Lavare le cellule al termine dell'incubazione ed etichettare i campioni con 250 microlitri di anticorpo secondario coniugato con colorante a fluorescenza appropriato per un'altra ora su ghiaccio, aggiungendo quattro microlitri di un colorante nucleare di colorazione a fluorescenza appropriato durante gli ultimi cinque minuti. Dopo aver lavato le cellule tre volte in tampone di lavaggio a freddo, montare i vetrini coprioggetti sui vetrini con sette microlitri di terreno di montaggio anti-sbiadimento, come dimostrato, e visualizzare i macrofagi mediante microscopia confocale a fluorescenza. Per eseguire un test di rilascio di LDH, aggiungere 50 microlitri di terreno DMEM 5 integrato con 10 nigericina micromolare a ciascun pozzetto sperimentale e 50 microlitri di DMEM 5 ai pozzetti di controllo spontaneo e al 100% di lisi per 60 minuti a 37 gradi Celsius e 5% di anidride carbonica.

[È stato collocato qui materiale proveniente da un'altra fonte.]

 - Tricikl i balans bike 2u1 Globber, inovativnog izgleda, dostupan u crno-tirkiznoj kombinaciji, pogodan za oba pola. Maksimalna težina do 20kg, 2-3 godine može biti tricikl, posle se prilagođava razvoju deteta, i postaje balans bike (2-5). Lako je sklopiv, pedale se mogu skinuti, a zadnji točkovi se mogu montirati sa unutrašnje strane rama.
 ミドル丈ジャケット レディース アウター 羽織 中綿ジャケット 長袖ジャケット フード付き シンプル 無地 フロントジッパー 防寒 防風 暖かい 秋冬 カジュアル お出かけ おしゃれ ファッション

Dopo 30 minuti, aggiungere 10 microlitri di tampone di lisi 10X ai pozzetti di controllo della lisi al 100% e aggiungere 10 microlitri di terreno agli altri pozzetti. Al termine dell'incubazione, centrifugare la piastra e trasferire 50 microlitri di surnatante da ciascun pozzetto a una piastra trasparente a fondo piatto. Successivamente, aggiungere 50 microlitri di substrato appena scongelato e preparato a ciascun pozzetto per un'incubazione di 30 minuti al buio, controllando la piastra dopo 15 minuti per confermare che il segnale non supererà il limite di rilevamento del lettore di piastre.

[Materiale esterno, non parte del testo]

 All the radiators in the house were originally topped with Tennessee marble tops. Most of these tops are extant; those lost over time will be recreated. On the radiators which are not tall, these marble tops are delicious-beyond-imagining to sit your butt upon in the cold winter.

Al termine dell'incubazione, aggiungere 50 microlitri di soluzione di arresto a ciascun pozzetto e misurare l'OD490 su un apposito lettore di piastre per consentire il calcolo della percentuale di lisi cellulare per pozzetto. Mentre i macrofagi di tipo esposti alla nigericina dimostrano la formazione di un focolaio di ASC nella regione perinucleare che contiene anche Caspasi-1 attiva, indicando che queste cellule sono in fase di piroptosi. Sebbene i macrofagi dei topi carenti di Caspasi-111 generino anche un focus ASC, queste cellule non hanno alcuna Caspasi-1 attiva associata a questo focus, come indicato dall'assenza di colorazione FAM-YVAD-FMK.

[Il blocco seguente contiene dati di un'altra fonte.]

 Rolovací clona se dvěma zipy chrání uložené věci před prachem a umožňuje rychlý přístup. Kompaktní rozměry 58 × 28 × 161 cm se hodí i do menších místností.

Né i nuclei di queste cellule sono condensati, indicando un'assenza di morte cellulare pirottotica. Inoltre, una grande percentuale di macrofagi wild type va incontro a morte cellulare dopo l'esposizione alla nigericina, come misurato dall'analisi del rilascio di LDH dei loro surnatanti di coltura, mentre i macrofagi carenti di Caspasi-1 non rilasciano LDH nel surnatante, indicando che le cellule sono ancora intatte. Dopo aver visto questo video, dovresti avere una buona comprensione di come visualizzare la formazione di inflammasomi mediante microscopia a fluorescenza e determinare il livello di lisi cellulare misurando il rilascio di LDH.

Questa procedura può essere modificata per l'uso di altri stimoli inflammasomici o interventi che alterano l'attivazione dell'inflammasoma o la piroptosi.